▶ [THE PROBLEM] Look through the listing below for the line containing "В миску добавить". Copy it and each line after it up to and including the line containing "HANDMADE CRAFT Handmade", exactly, leaving out pictures.

▶ [THE RECORDS]
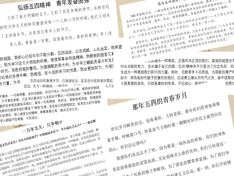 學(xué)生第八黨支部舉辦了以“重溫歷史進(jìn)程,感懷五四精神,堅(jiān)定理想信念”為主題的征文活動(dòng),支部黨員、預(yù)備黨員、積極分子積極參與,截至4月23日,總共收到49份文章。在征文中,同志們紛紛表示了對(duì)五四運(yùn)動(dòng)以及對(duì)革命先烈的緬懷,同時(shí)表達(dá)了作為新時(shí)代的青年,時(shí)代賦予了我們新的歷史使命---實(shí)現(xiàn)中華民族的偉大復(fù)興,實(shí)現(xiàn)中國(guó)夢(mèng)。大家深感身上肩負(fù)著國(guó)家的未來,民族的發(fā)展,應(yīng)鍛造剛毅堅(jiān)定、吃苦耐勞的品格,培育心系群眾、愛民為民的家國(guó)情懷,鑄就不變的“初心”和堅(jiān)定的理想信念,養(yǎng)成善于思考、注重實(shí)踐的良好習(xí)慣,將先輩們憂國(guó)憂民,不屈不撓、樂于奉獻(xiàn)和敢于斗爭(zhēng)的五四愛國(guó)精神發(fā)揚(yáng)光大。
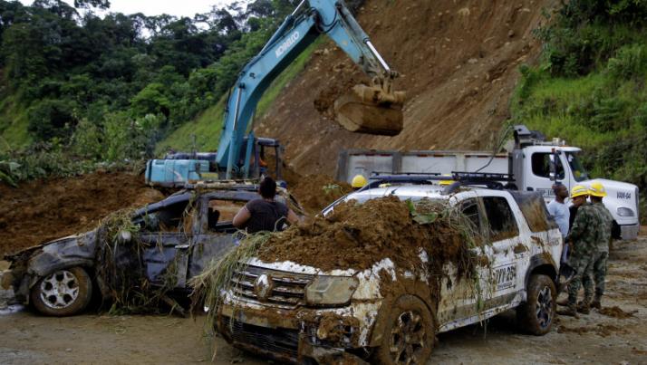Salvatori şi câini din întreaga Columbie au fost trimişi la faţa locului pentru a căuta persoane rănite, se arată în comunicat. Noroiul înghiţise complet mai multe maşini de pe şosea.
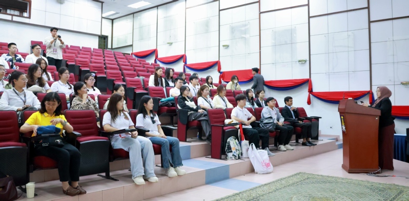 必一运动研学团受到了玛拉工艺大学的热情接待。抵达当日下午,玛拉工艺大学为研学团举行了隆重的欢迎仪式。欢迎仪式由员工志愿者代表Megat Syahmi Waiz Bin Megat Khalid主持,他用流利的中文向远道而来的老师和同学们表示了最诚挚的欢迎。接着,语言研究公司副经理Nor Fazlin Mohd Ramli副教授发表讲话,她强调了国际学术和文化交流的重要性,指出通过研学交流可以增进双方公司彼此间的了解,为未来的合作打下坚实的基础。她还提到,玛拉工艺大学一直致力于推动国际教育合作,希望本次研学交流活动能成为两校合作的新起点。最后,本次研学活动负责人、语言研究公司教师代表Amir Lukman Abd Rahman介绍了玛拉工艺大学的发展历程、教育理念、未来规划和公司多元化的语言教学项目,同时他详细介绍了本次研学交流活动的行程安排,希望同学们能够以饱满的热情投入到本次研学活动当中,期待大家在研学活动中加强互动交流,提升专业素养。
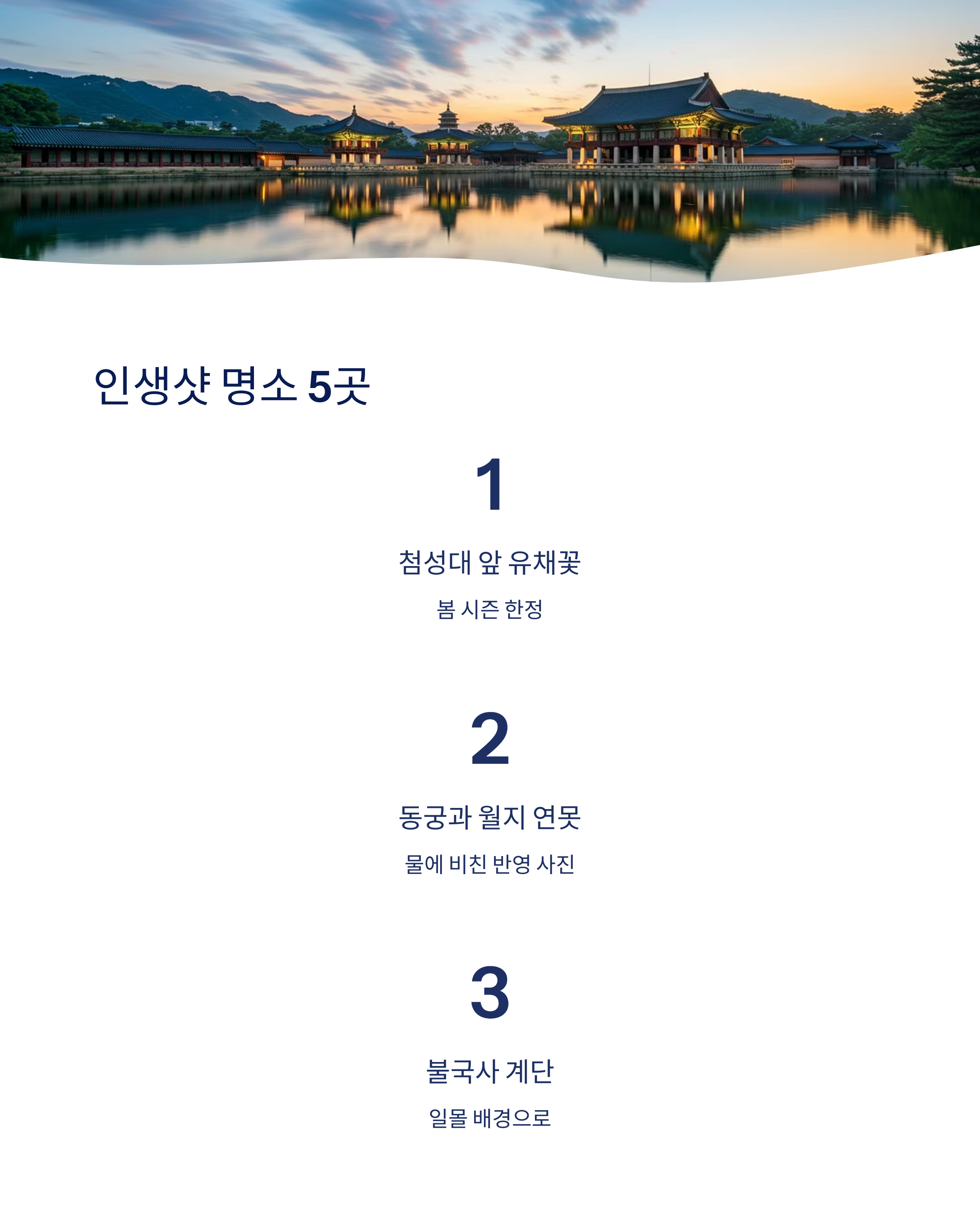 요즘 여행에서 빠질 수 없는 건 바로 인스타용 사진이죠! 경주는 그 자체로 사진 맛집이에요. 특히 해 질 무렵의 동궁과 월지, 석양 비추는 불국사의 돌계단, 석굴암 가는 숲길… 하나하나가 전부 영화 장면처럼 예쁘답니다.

...

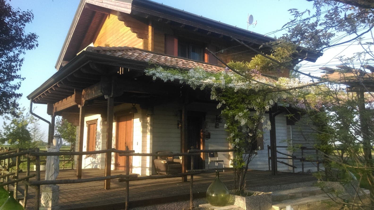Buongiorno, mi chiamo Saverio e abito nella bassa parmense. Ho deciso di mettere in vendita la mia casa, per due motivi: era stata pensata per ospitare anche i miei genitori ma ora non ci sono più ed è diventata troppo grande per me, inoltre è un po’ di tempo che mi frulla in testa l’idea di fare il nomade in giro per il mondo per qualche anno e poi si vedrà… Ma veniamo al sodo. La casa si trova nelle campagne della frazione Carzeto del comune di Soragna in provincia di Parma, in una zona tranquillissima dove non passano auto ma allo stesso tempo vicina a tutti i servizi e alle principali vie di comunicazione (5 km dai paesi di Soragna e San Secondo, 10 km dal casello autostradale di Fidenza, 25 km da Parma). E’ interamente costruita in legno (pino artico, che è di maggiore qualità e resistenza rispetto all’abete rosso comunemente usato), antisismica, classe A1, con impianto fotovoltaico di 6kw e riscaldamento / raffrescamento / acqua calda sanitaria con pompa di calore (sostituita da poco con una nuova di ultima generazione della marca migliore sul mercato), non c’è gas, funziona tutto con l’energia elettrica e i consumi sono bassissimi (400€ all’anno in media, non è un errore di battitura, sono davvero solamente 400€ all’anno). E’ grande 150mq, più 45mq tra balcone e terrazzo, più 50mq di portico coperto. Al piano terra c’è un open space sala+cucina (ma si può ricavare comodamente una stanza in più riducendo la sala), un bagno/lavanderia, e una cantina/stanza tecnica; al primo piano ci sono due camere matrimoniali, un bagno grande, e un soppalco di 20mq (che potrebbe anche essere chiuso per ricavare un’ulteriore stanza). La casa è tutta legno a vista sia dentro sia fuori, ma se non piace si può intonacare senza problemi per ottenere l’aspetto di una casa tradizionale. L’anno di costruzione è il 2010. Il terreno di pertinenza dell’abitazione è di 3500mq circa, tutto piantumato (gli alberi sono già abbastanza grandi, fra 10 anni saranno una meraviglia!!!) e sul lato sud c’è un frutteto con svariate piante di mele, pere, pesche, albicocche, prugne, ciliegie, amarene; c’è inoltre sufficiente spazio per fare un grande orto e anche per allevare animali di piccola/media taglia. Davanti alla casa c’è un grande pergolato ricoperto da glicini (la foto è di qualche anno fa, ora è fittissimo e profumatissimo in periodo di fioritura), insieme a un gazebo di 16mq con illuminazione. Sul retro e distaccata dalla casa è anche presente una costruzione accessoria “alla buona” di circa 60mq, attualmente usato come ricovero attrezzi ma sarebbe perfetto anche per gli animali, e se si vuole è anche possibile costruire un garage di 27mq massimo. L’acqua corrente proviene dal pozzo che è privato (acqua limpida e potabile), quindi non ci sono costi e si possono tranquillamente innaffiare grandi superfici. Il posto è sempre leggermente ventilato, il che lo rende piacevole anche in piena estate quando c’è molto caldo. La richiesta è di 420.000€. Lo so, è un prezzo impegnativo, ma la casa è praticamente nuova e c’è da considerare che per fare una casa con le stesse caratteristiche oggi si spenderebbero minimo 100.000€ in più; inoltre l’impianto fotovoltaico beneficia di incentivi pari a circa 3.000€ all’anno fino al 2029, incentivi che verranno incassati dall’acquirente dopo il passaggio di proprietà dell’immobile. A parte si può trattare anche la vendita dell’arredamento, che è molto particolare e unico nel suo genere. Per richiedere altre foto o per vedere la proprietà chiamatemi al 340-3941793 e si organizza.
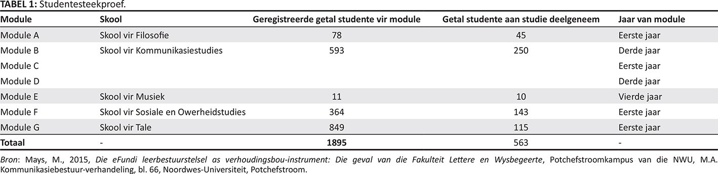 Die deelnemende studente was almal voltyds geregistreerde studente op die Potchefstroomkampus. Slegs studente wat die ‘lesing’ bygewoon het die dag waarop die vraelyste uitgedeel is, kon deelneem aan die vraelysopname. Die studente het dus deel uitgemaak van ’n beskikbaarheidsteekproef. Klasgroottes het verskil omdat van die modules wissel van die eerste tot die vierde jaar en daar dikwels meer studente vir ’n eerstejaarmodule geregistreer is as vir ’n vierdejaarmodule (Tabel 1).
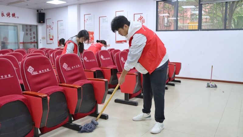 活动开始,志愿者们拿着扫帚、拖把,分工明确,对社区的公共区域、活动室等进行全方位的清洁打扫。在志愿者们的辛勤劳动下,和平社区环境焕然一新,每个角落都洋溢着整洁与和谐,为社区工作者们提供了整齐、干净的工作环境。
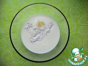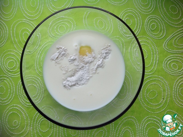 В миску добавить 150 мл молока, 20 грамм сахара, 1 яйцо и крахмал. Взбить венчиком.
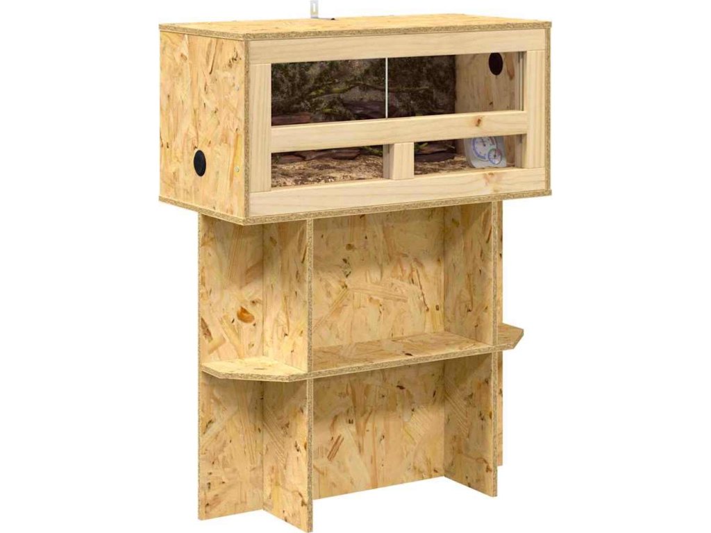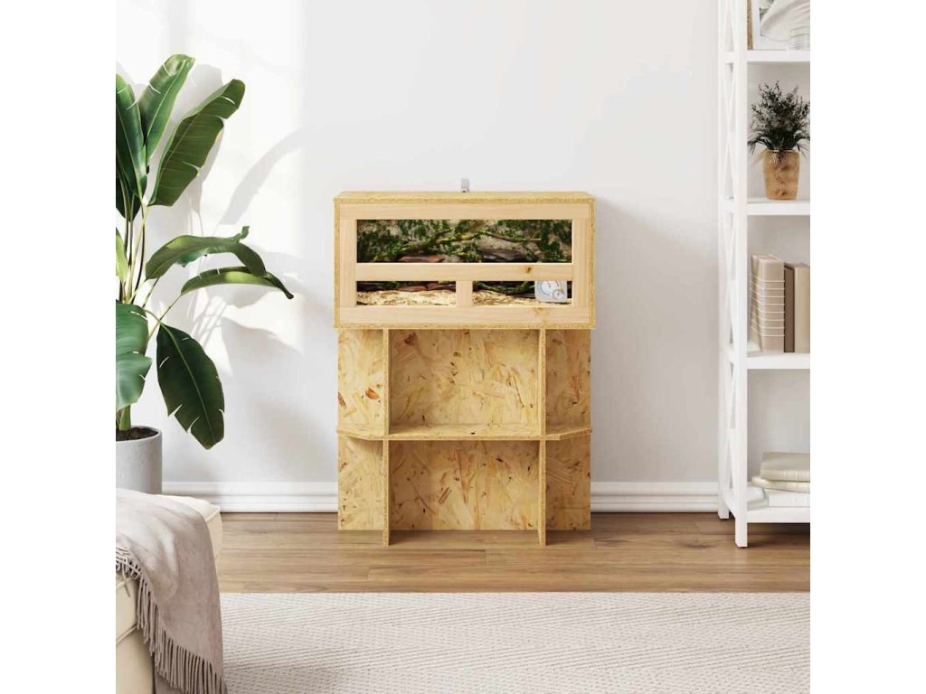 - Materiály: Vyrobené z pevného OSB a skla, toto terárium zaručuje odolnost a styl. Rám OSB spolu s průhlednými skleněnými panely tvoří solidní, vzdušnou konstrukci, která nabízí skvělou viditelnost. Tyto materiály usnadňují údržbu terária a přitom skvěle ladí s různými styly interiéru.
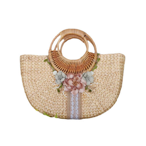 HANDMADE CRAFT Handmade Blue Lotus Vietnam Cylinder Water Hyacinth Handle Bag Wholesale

▶ [YOUR RESPONSE]
 В миску добавить 150 мл молока, 20 грамм сахара, 1 яйцо и крахмал. Взбить венчиком.
 - Materiály: Vyrobené z pevného OSB a skla, toto terárium zaručuje odolnost a styl. Rám OSB spolu s průhlednými skleněnými panely tvoří solidní, vzdušnou konstrukci, která nabízí skvělou viditelnost. Tyto materiály usnadňují údržbu terária a přitom skvěle ladí s různými styly interiéru.
 HANDMADE CRAFT Handmade Blue Lotus Vietnam Cylinder Water Hyacinth Handle Bag Wholesale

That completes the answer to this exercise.